Demo: namespaced systemd workloads on OpenShift
I have spent much of the last year diving deep into OpenShift’s container runtime. The goal: work out how to run systemd-based workloads in user namespaces on OpenShift nodes. The exploration took many twists and turns. But finally, I have achieved the goal.

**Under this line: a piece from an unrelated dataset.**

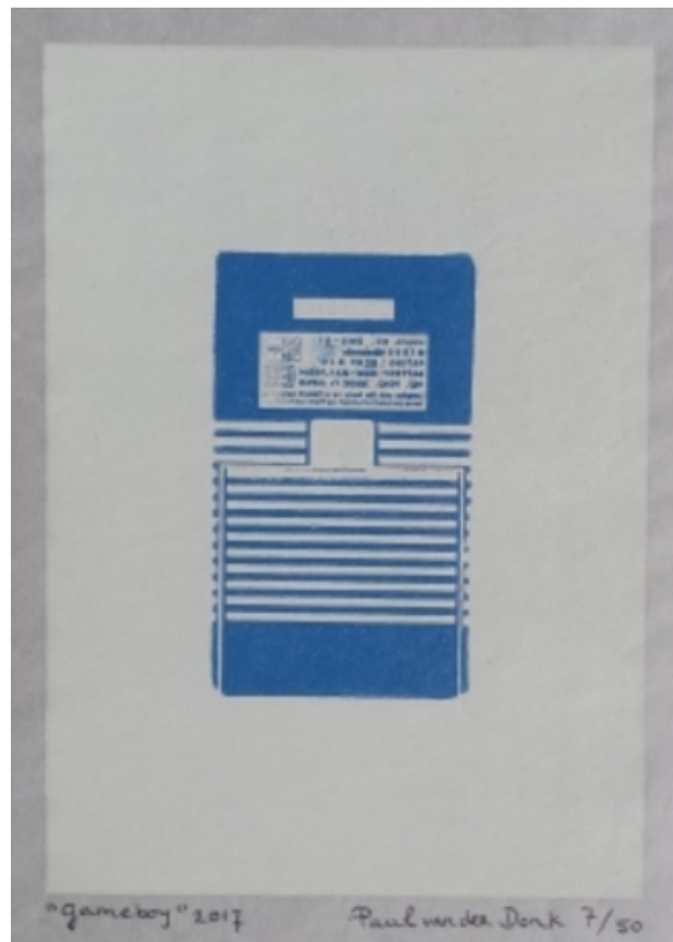
Gameboy 2017 nr 7 / 50, 2017 Grafiek, 28 x 35

In this post I recap the journey so far, and demonstrate what I have achieved. Then I will summarise the path(s?) forward from here.
The journey so far §
My previous post gives an overview of the FreeIPA on OpenShift project. In particular, it explains our decision to use a “monolithic” systemd-based container. That implementation approach exposed capability gaps in OpenShift and led to a long running series of investigations. I wrote up the results of these investigations across several blog posts, summarised here:
OpenShift and user namespaces §
I observed that OpenShift (4.6 at the time) did not isolate containers in user namespaces. I noted that KEP-127 proposes user namespace support for Kubernetes (it is still being worked on). CRI-O had also recently added support for user namespaces via annotations.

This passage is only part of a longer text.